Required action: Repeat only the lines below that run from the line with "This has been" to the line with "A carved apple", ends included; skip every picture.

Data under study:
..............................

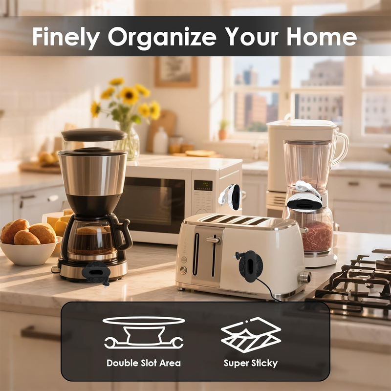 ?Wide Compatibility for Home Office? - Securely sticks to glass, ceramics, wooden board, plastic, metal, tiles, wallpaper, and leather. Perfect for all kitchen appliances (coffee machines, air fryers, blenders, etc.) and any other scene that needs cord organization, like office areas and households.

..............................

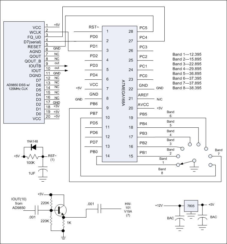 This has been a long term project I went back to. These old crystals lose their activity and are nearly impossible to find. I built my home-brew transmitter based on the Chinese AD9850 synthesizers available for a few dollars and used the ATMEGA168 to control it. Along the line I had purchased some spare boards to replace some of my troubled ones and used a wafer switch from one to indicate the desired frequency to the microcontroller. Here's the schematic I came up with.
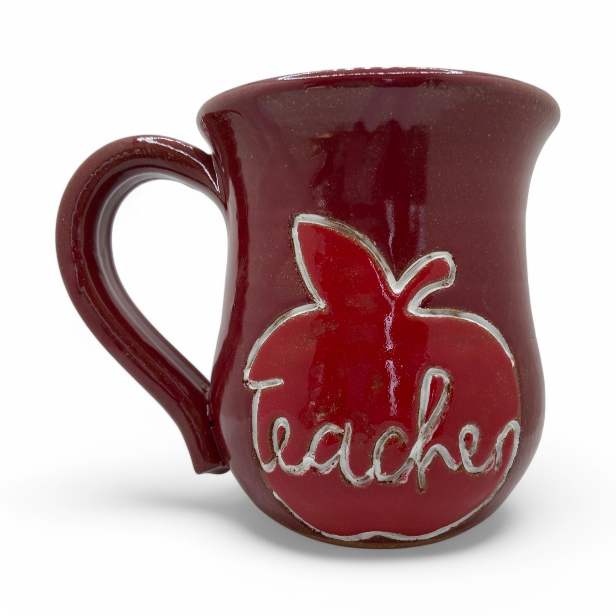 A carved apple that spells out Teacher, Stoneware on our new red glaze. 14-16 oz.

..............................

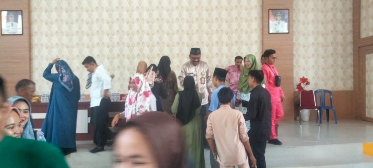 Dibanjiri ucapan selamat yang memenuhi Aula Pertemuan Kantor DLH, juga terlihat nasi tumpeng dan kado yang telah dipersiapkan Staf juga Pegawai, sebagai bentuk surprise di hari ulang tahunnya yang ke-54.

..............................

Result for this task:
 This has been a long term project I went back to. These old crystals lose their activity and are nearly impossible to find. I built my home-brew transmitter based on the Chinese AD9850 synthesizers available for a few dollars and used the ATMEGA168 to control it. Along the line I had purchased some spare boards to replace some of my troubled ones and used a wafer switch from one to indicate the desired frequency to the microcontroller. Here's the schematic I came up with.
 A carved apple that spells out Teacher, Stoneware on our new red glaze. 14-16 oz.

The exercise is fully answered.